» **DATA UNDER STUDY**

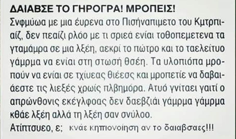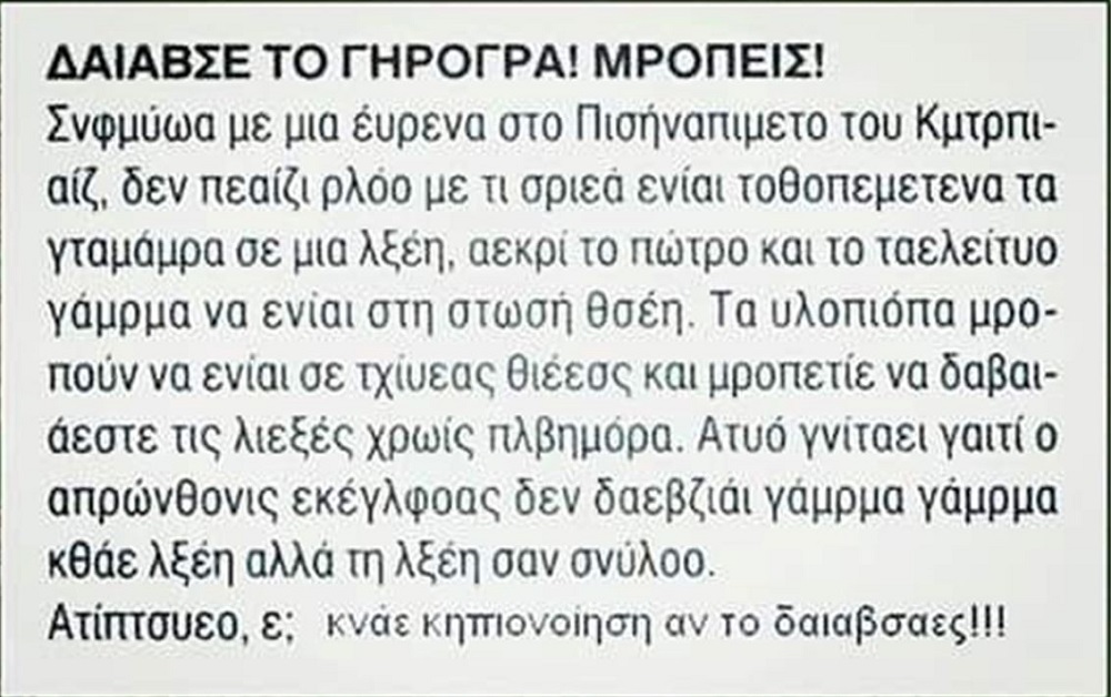 Μαθαίνομε να διαβάζουμε. Μετατρέπομε τα γραπτά σύμβολα που βλέπομε σε ήχο, ομιλία που την ακούμε. Ακούμε τις λέξεις που προφέρομε και τις μετατρέπομε σε έννοιες, αφού ήδη ξέρομε να μιλάμε. Βαθμιαία παύομε τη μεγαλόφωνη ανάγνωση και διαβάζομε ψιθυριστά, και αργότερα παύομε να κουνούμε τα χείλια μας διαβάζοντας. Έχει παρακαμφθεί ο ήχος και το γραπτό κείμενο γίνεται κατευθείαν ένα σύνολο εννοιών. Ανάλογα με τη σειρά τους, σχηματίζεται το νόημα, που είναι πια μια ολόκληρη πρόταση. Αλλά και η μετατροπή των λέξεων σε έννοιες γίνεται αντανακλαστικά ταχύτατα, καθώς αναγνωρίζομε πια ολοκληρωμένα σχέδια και όχι ένα-ένα τα γράμματα που τις αποτελούν. Μια επιστημονική έρευνα έδειξε ότι όταν μια λέξη που διαβάζομε μοιάζει με μια λέξη που αποτελεί έννοια, όπως αν είναι ίδια το πρώτο και το τελευταίο τους γράμμα και έχουν τα ίδια γράμματα, αναγνωρίζεται με μια ταχύτατη ματιά έστω και αν τα γράμματα που την αποτελούν έχουν οποιαδήποτε τυχαία σειρά (εικόνα άνω). Γι΄ αυτό, όταν ένα κείμενο είναι γραμμένο με λογικό τρόπο, δηλαδή με φωνητική γραφή (εικόνα κάτω), δυσκολευόμαστε να το διαβάσουμε.
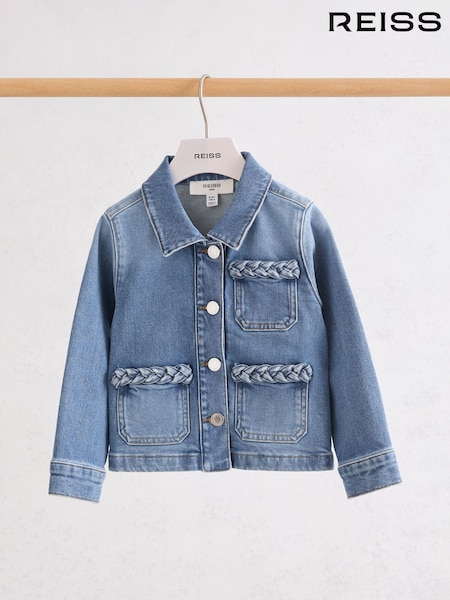Reiss Denim Blue Ariel 3-9 yrs Plaited-Trim Denim Jacket
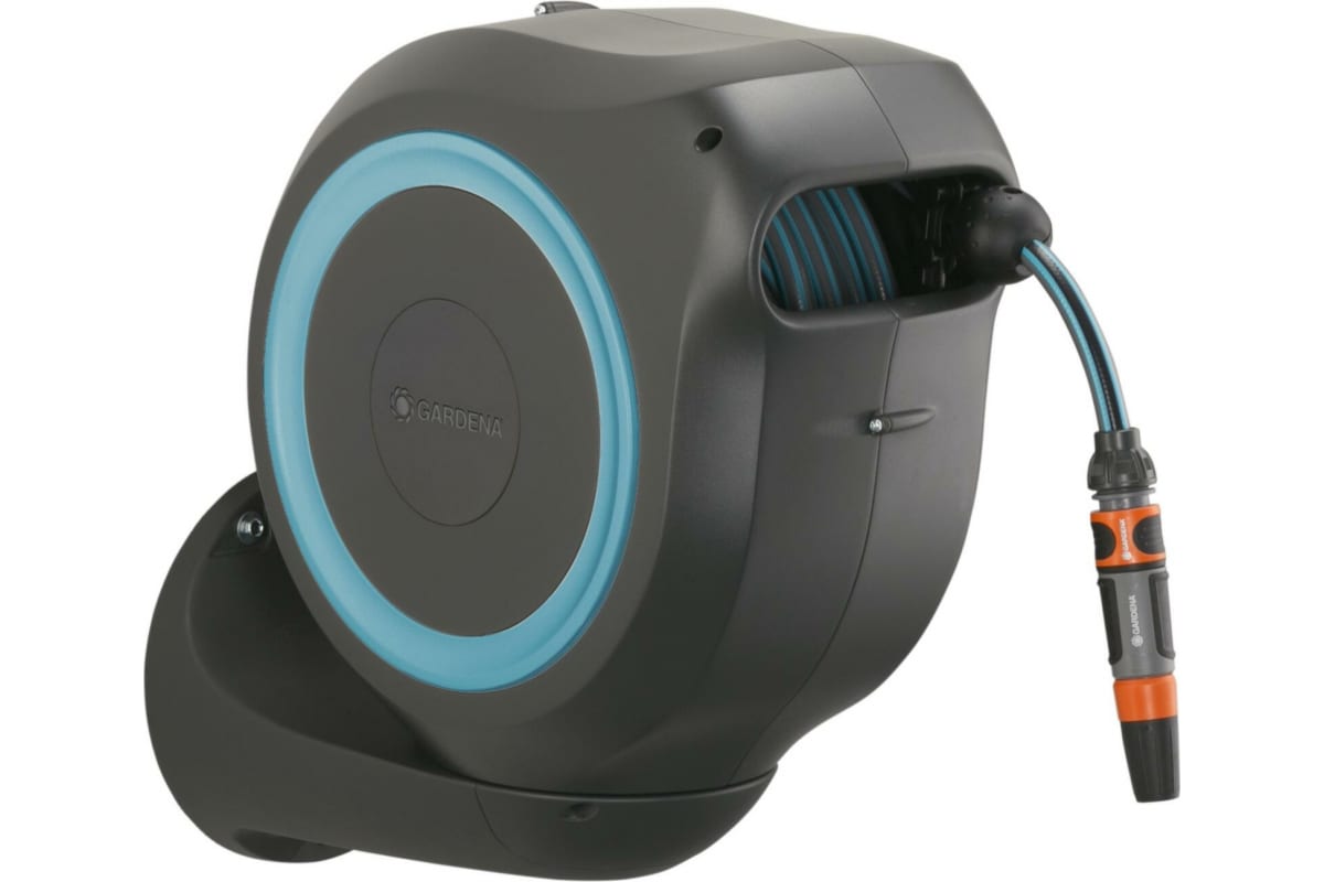 Настенная автоматическая катушка со шлангом Gardena RollUp M, 20 м 18610-32.000.00 – идеальный помощник для аккуратного хранения и эксплуатации садового шланга.
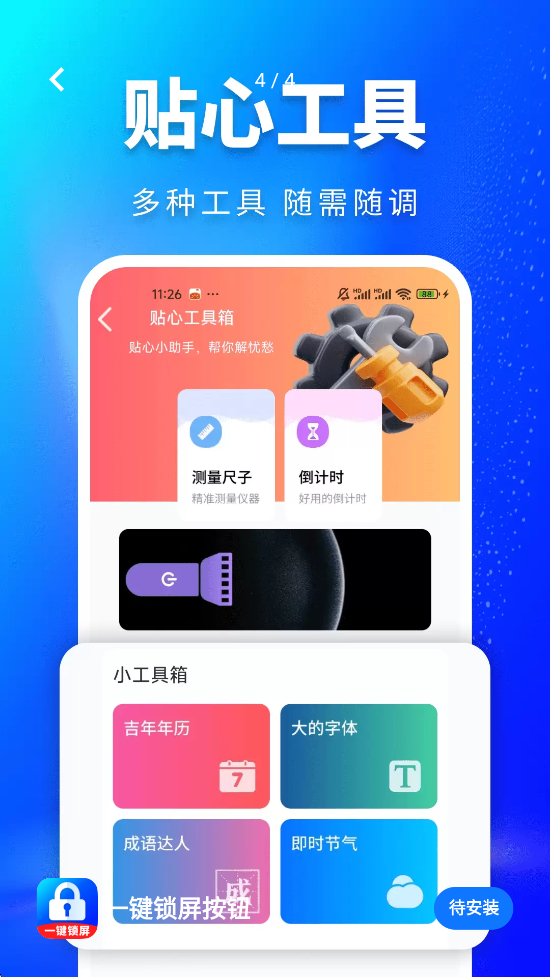 2、贴心工具箱,集成多种常用工具,一键直达,提升使用效率,让您的手机成为真正的多功能助手。
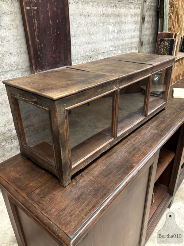 De kast is laag van formaat, rust op elegante pootjes, en is aan drie zijden voorzien van glas voor optimale zichtbaarheid van de inhoud. Aan de bovenzijde bevinden zich drie originele kleppen met prachtige, authentieke handgrepen – volledig functioneel en in originele staat.
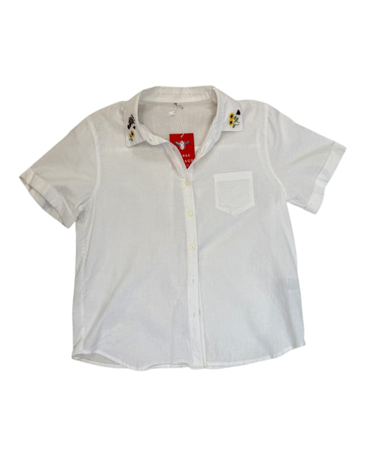 Vintage Embroidered Cotton Button-Up Top
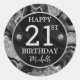Elegant Black and Silver Glitter Agate Birthday Classic Round Sticker
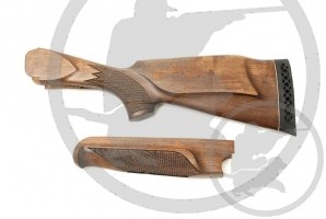 Высококачественный приклад и цевье для охотничьего ружья ИЖ-12 из ореха с оргономичной щекой и резиновым тыльником.
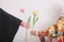 お着物のコーディネイトカラーとチューリップの色合いがピッタリです!
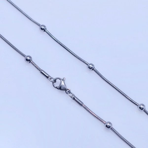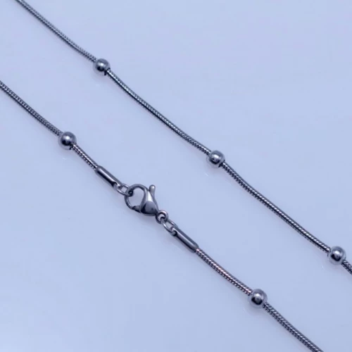 Řetízek z leštěné chirurgické oceli lanko o šířce 1,2mm je zdobený kuličkami 3mm. Délka 50cm. Chirurgická ocel je vhodná pro alergiky na běžné kovy. 276
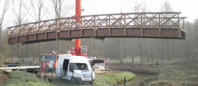 Mithilfe eines Kranes von Hüffermann konnte die neue "Weiße Brücke" in Harpsedt eingesetzt werden.

» **TASK INSTRUCTIONS**
Set down word for word every line from the line containing "Řetízek z leštěné" through the last line of the entries, and nothing more; no pictures.

» **COMPLETED EXERCISE**
 Řetízek z leštěné chirurgické oceli lanko o šířce 1,2mm je zdobený kuličkami 3mm. Délka 50cm. Chirurgická ocel je vhodná pro alergiky na běžné kovy. 276
 Mithilfe eines Kranes von Hüffermann konnte die neue "Weiße Brücke" in Harpsedt eingesetzt werden.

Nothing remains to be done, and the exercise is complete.